Though these places are segregated in many cases, placed out of sight as ‘other’ places, they form networks of waste metabolism, and involve or gather vibrant social-political, economic, and biological lives. Recent literature on waste places reveals that waste labour is an outcome of colonial and postcolonialism arrangements (Nguyen, 2018), ethnicity and class divisions (Gregson, Crang, Ahamed, Akhter, & Ferdous, 2010; Millar, 2014, 2018), racism and caste systems (Gregory, 1997), politics (Douglas, 2003; Fredericks, 2018), innovations and technological changes (Gabrys, 2011), and global interconnectedness (Lepawsky, 2010, 2018;

Lepawsky & Mather, 2011).

In Dar es Salaam, there are hundreds of small e-scrap backyard workshops like the Mahakama Ya Friji (Kyessi & Omar, 2018). Although these workshops are scattered all over the city, they share certain features: their locations, innovations and ingenuity, and flexible work arrangements. The labour processes in these places are hybrids of traditional arrangements, salvage accumulation, and ownership of the means of production. Kinship and ethnic relations are sources of labour assemblages and moral guidance and means of conflict resolution. These are workspaces where ordinary people innovatively use local knowledge, skills, and networks together with new technologies to transform waste objects into value (Mavhunga, 2014).

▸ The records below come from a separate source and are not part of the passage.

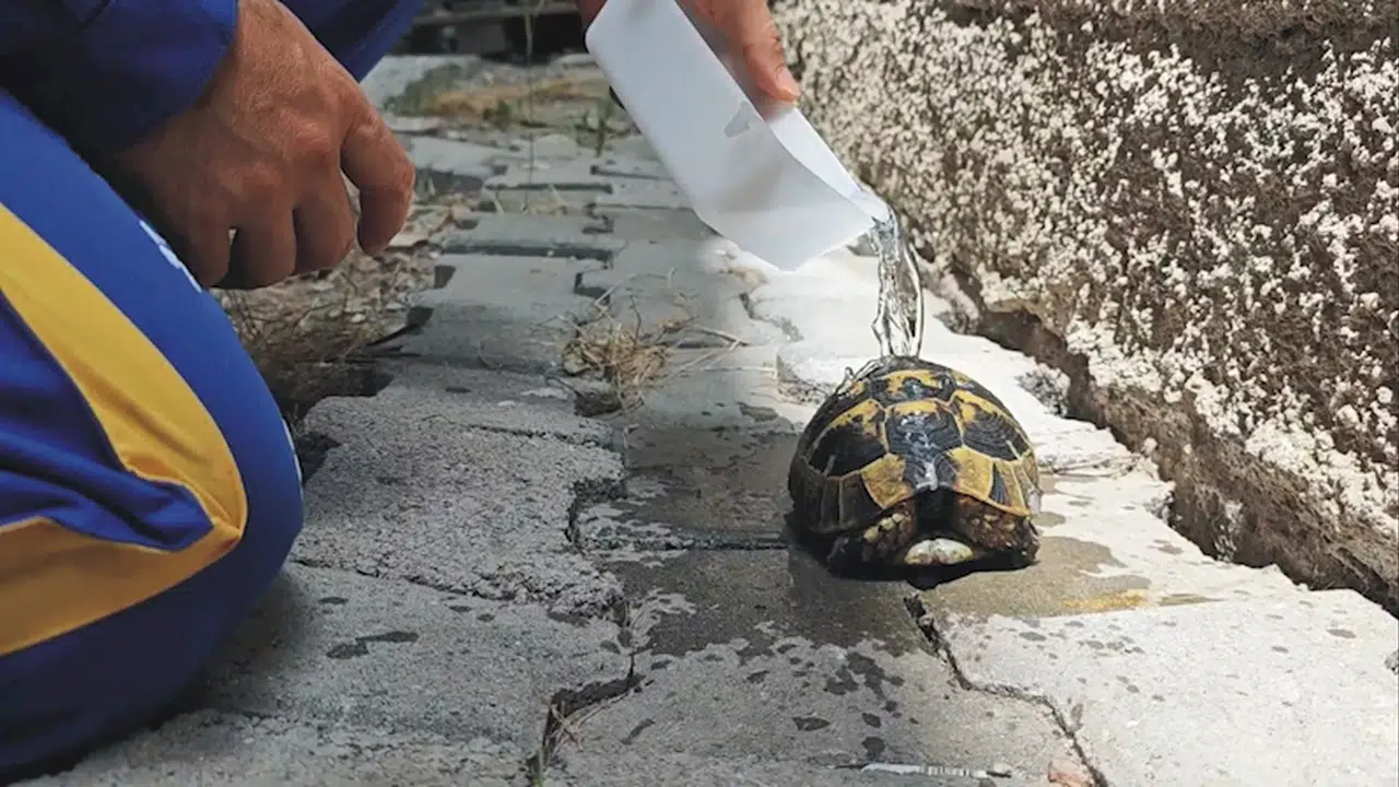 Sıcağa maruz kalan kaplumbağa suyla serinletildi, muayene edilip doğaya salındı
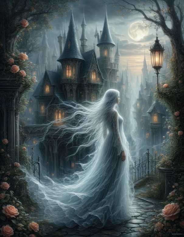 Ночь. Восходит бледно-жёлтая, с красноватым отблеском луна — неверная свеча влюбленных, круглое окошко в иной слой реальности, тусклый светильник мира мертвых.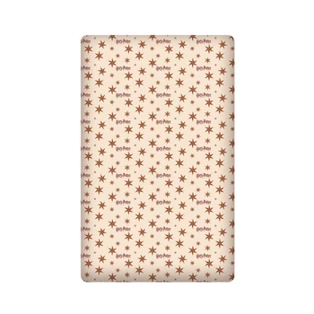 Stílusos Harry Potter gumis lepedő 90x200 cm-es méretben, barna csillagmintával és logóval. 100% pamut anyagból készült, bőrbarát és kényelmes. |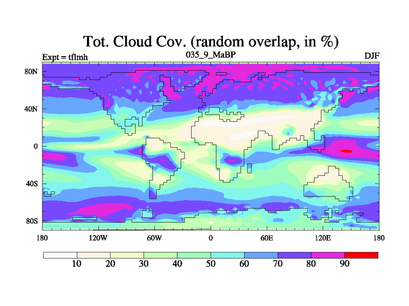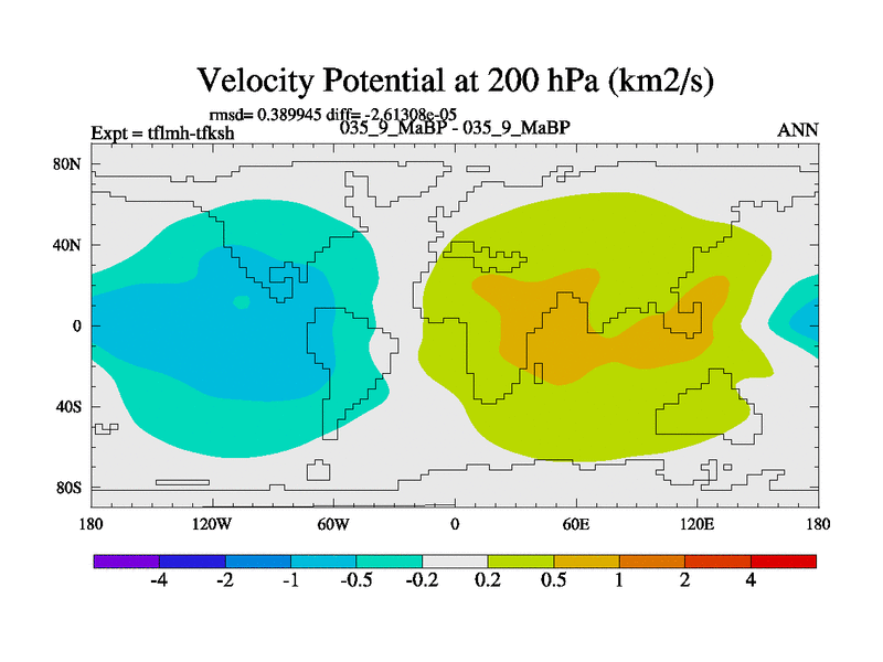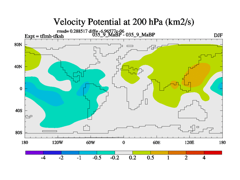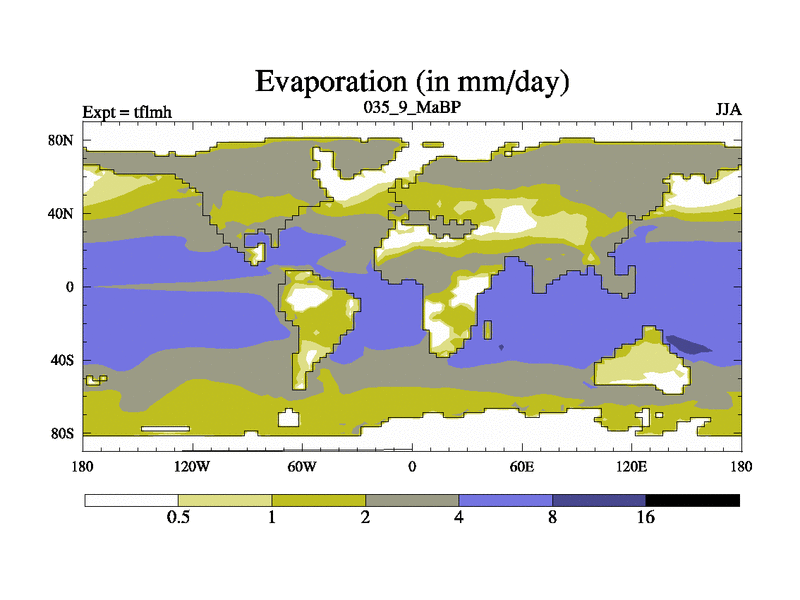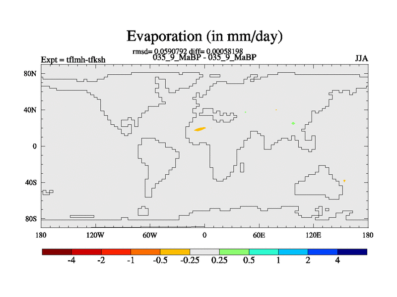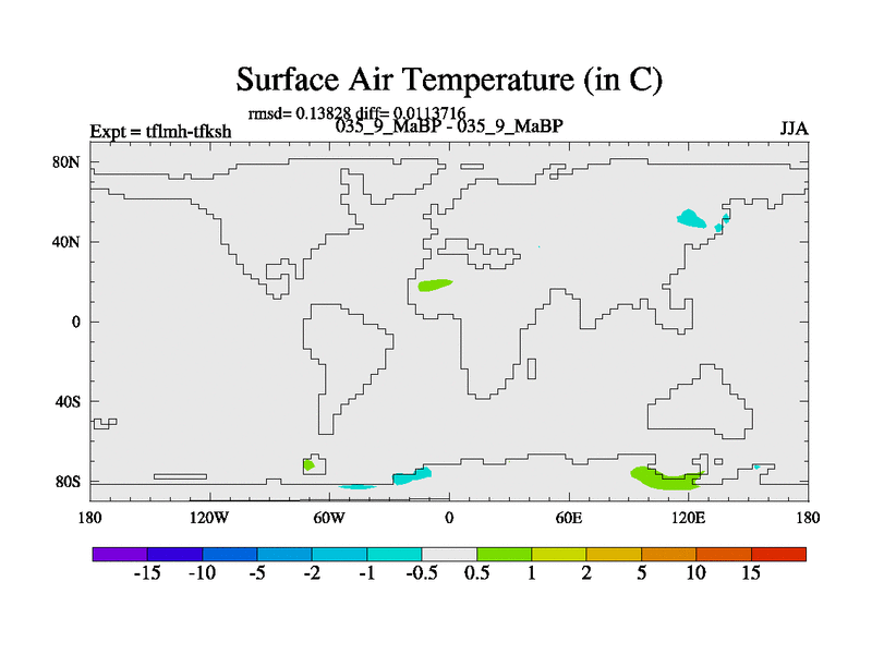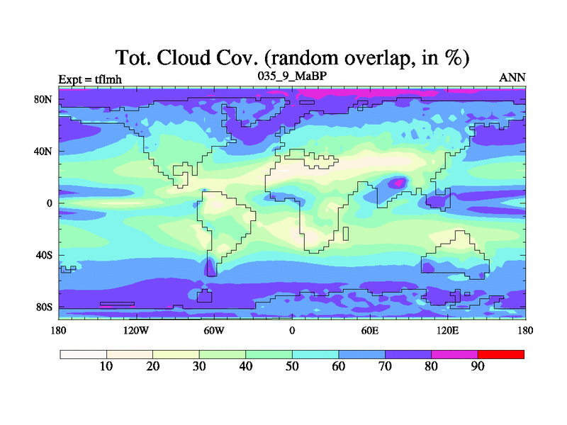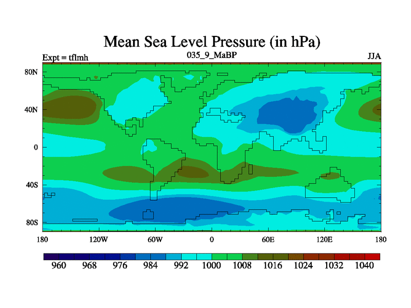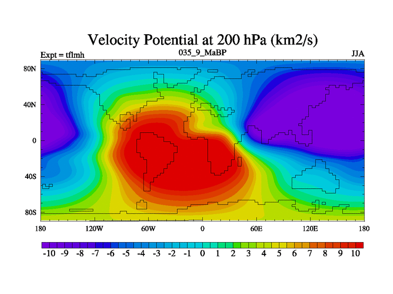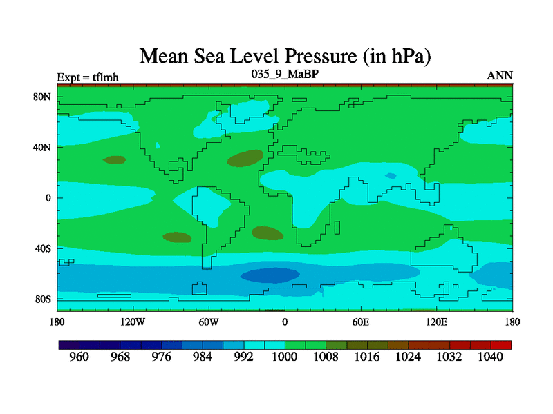 This is the 35.9 Ma simulation using the Scotese palaeogeographies and revised CCN etc. This version has islands and smoothing and desert albedo included. Tuned CO2 to give Scotese temperatures. Started from end of tfksh. With JEDI output.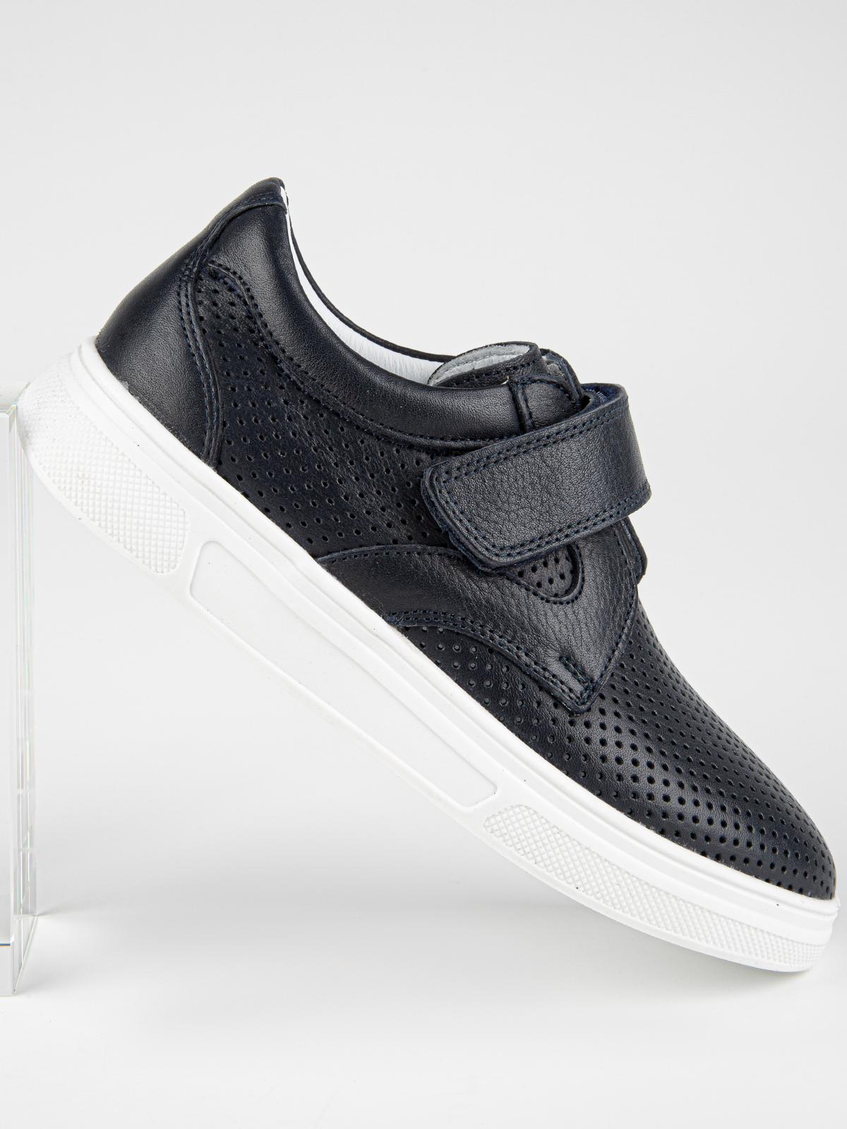 Повседневные полуботинки для мальчика из натуральной кожи обеспечивают правильную циркуляцию воздуха, а наличие подсводника и жёсткого задника создает дополнительный комфорт. Липучка ускоряет и облегчает процесс обувания. Подошва из гибкого износостойкого материала ТЭП.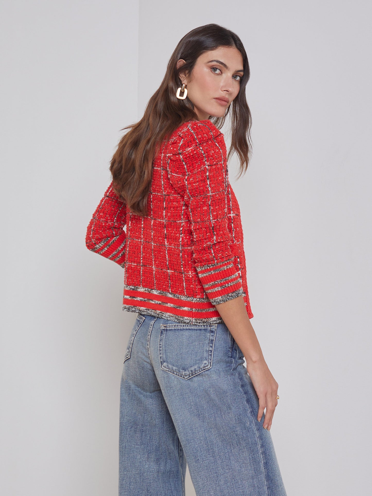 Fall in love with this stunning Jenni Cardigan Red Multi from L'AGENCE. This chic V-neck cardigan has a textured premium waffle knit with pleated puff shoulder and patch pockets. The striped hem and cabled neckline add unique visual contrast and the embossed-dome button accents finish off the piece with a touch of glamorous shimmer.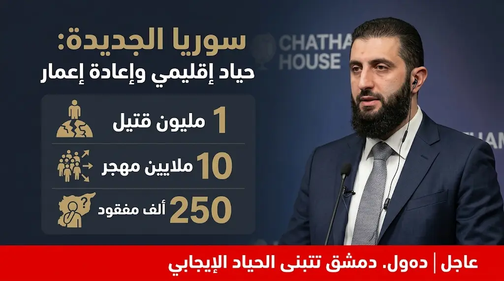 خلال مشاركته في جلسة حوارية بالمعهد الملكي للشؤون الدولية “تشاتام هاوس” بالعاصمة البريطانية لندن، أوضح الشرع أن التدخلات الإيرانية ودعمها للميليشيات كان سبباً مباشراً في المأساة السورية، مستعرضاً حصيلة الأزمة التي امتدت لـ 14 عاماً: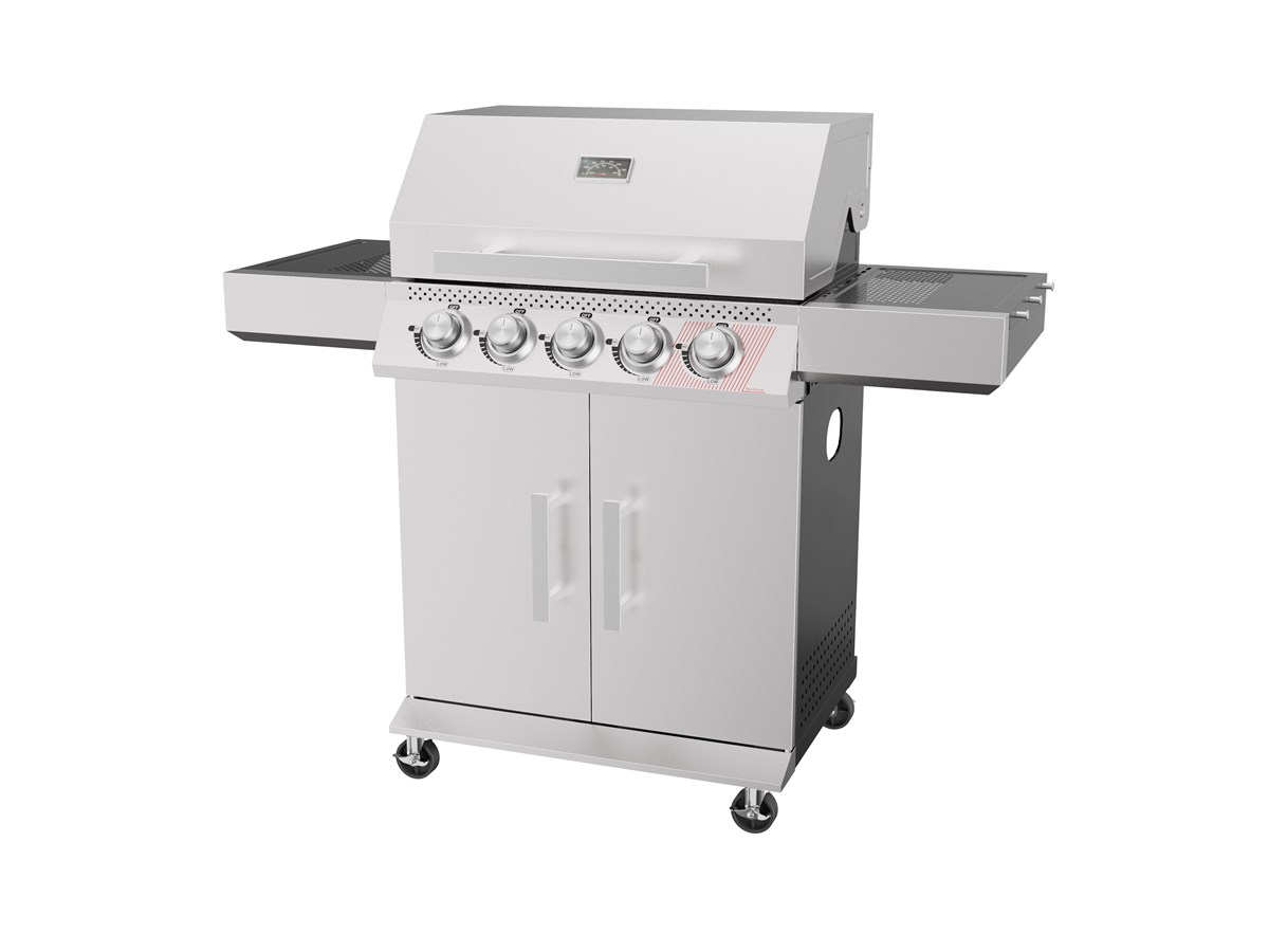 Specifikationer: - Grillyta: 68 x 42 cm - Antal huvudbrännare: 5 (varav en sizzle burner) - Effekt per huvudbrännare: 3 kW (sizzle burner: 4 kW) - Material, huvudbrännare: Rostfritt stål - Total effekt: 16 kW - Material, flamtämjare: Extra kraftigt 430 rostfritt stål - Tändningssystem: Piezotändning - Gastryck: 30 mbar - Antal grillgaller: 2 - Material, grillgaller: Emaljerat gjutjärn - Värmehylla för värmehållning av mat - Material, värmehylla: 304 rostfritt stål - Förvaringsskåp med dubbla dörrar - Vred och handtag i gjuten aluminium med extra hög finish - Material, grill: Rostfritt stål, lackerat stål - Arbetshöjd: 87,5 cm - B x D x H: 133 x 57 (66) x 112 cm - Produktvikt: 40 kg - Uttag för rotisserie: Ja - Rekommenderad gasolflaska: PC5 eller PC10 (köps separat)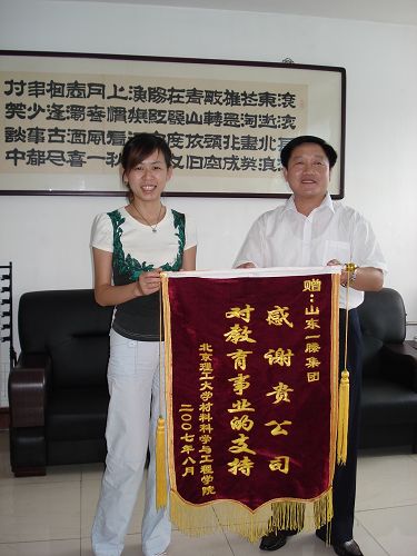 经过一天的交流和参观学习,实践团成员对一滕化工有限公司有了更深一步的了解与认识。刘艳老师代表米兰milan官方网站材料学院向山东一滕集团赠送锦旗,感谢一滕集团对于教育事业的支持。

Workshops are usually located in small, open backyard spaces in dense, low-income neighbourhoods, typically sandwiched between other small businesses. Their locations are negotiations between visibility to customers and minimal interaction with state apparatuses, mainly the police and tax authorities. As explained in the introduction, the workshops form

synergistic relations with other small business that become part and parcel of the waste economy. Food vendors, kiosk owners, repairers, and beverage sellers tend to surround workshops. The workshops become economic vibrant spots that connect to local, national, and global economies.